▶
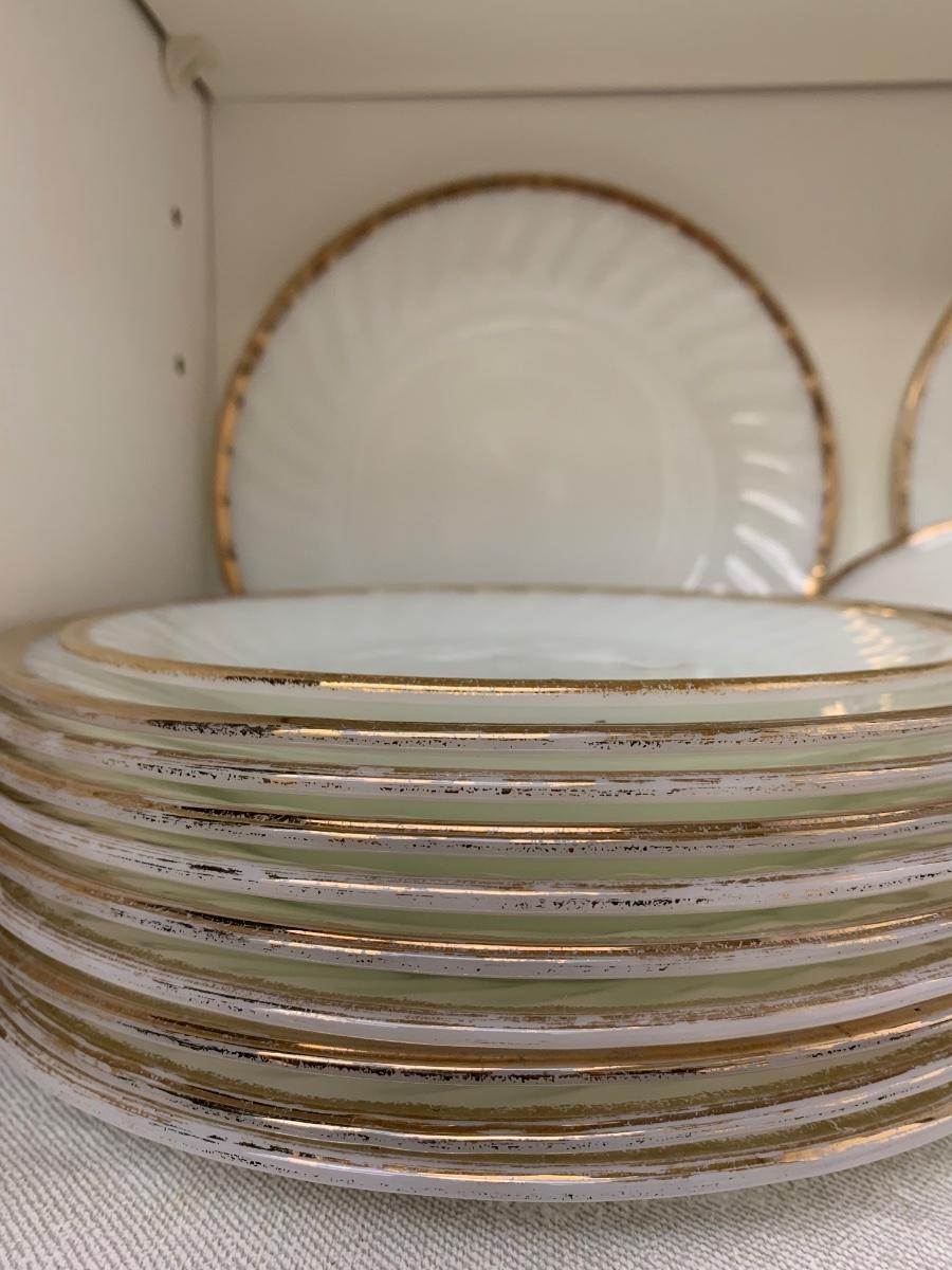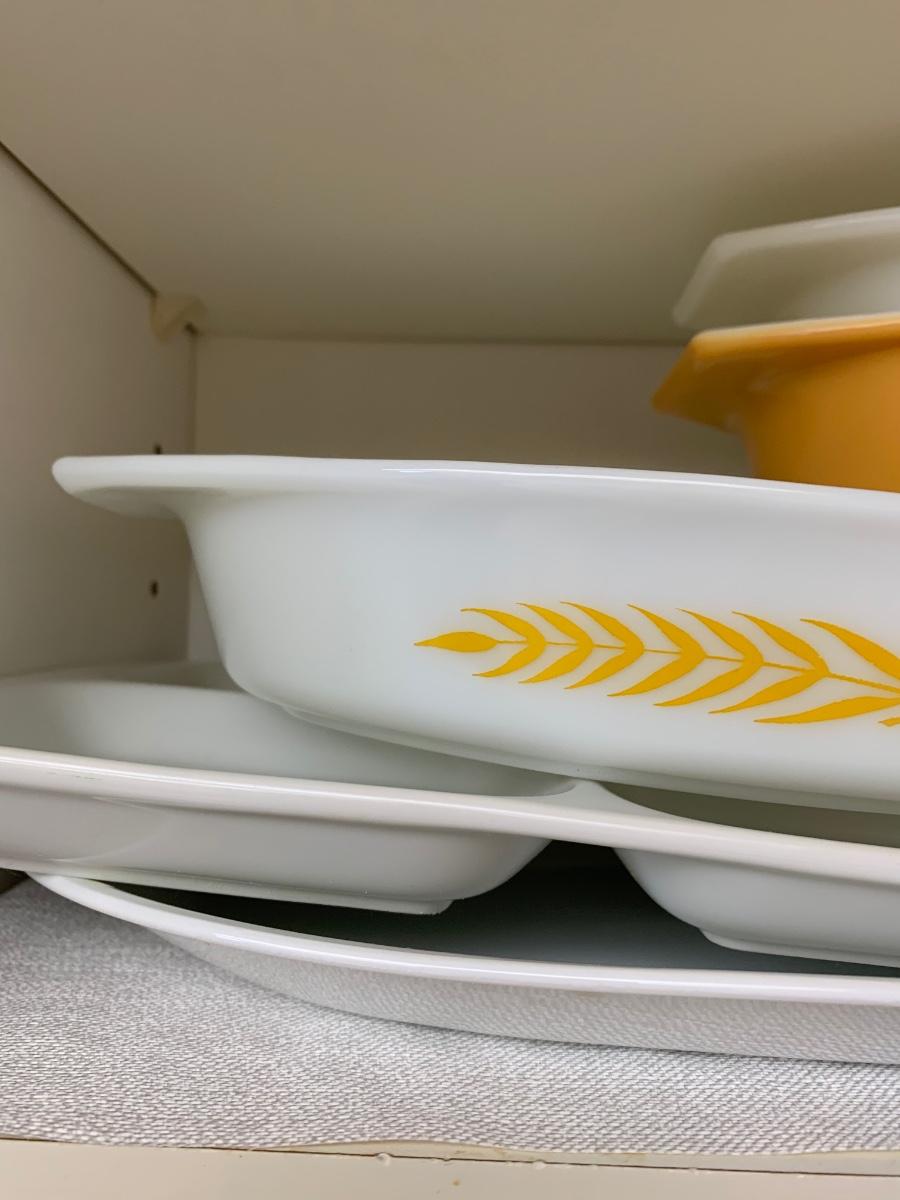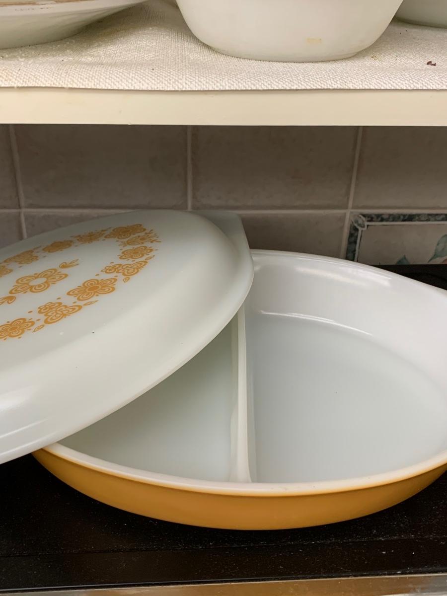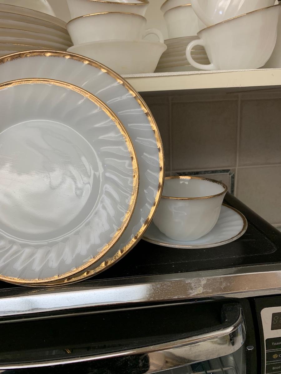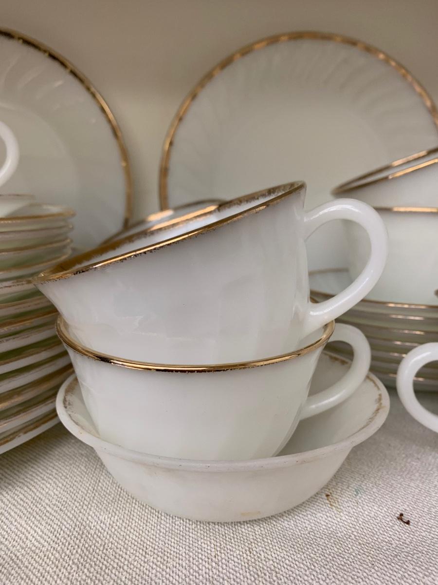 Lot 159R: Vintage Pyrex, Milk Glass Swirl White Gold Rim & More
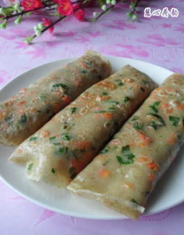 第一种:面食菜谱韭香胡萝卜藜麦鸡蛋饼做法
◀
▶
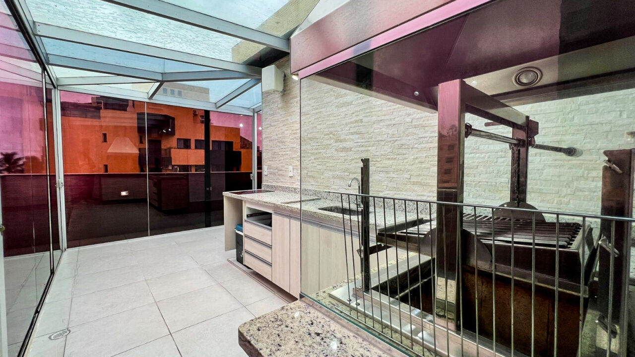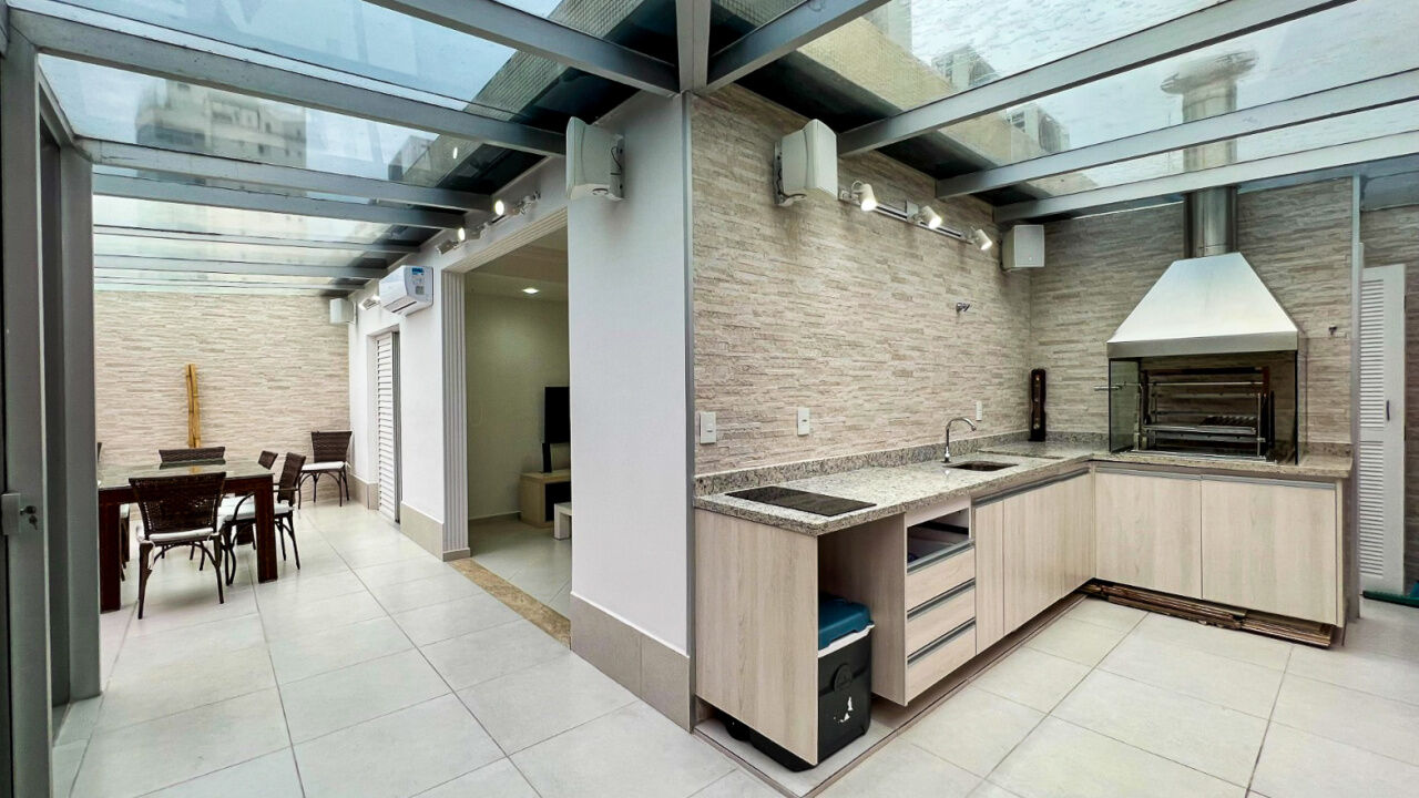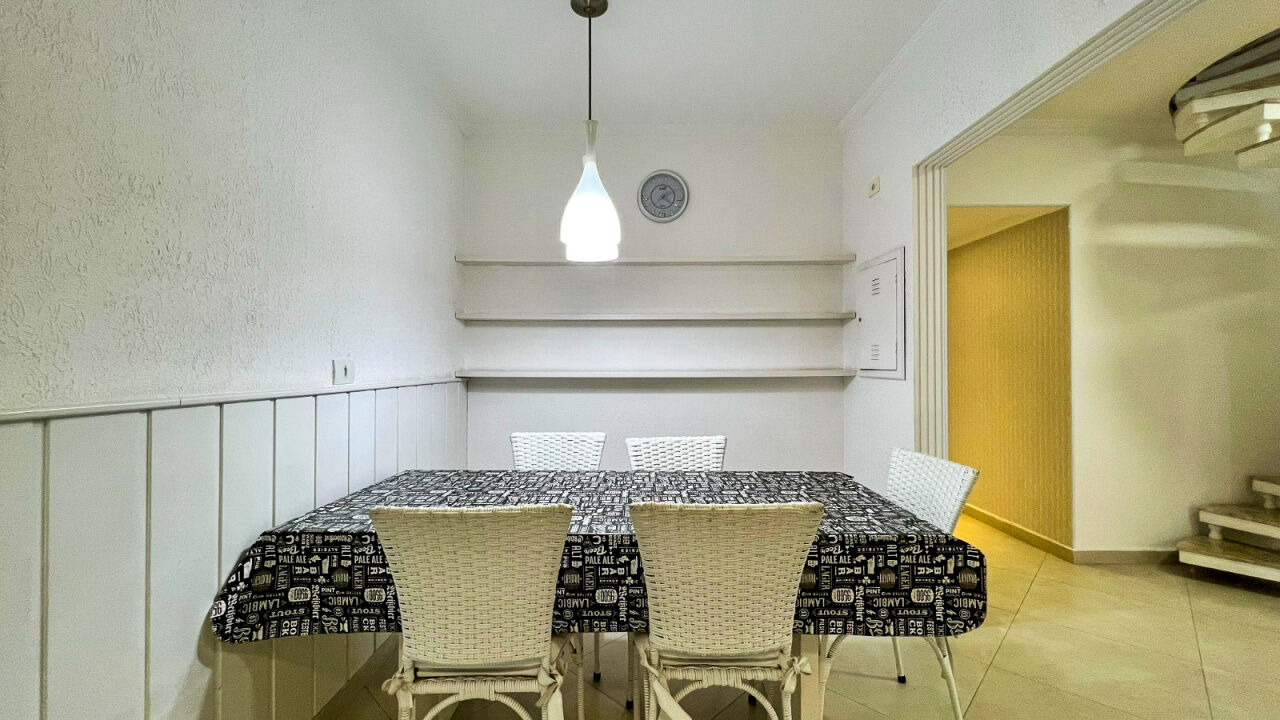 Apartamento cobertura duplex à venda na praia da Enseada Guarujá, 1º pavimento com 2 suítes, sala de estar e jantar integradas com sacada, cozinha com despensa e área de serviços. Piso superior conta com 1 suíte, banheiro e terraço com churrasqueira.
◀
WHAT THIS TASK INVOLVES: Only one stretch of the material above is wanted: the line containing "Lot 159R: Vintage" through the line containing "第一种:面食菜谱韭香胡萝卜藜麦鸡蛋饼做法". Restate it word for word, minus the pictures.

TASK RESULT:
 Lot 159R: Vintage Pyrex, Milk Glass Swirl White Gold Rim & More
 第一种:面食菜谱韭香胡萝卜藜麦鸡蛋饼做法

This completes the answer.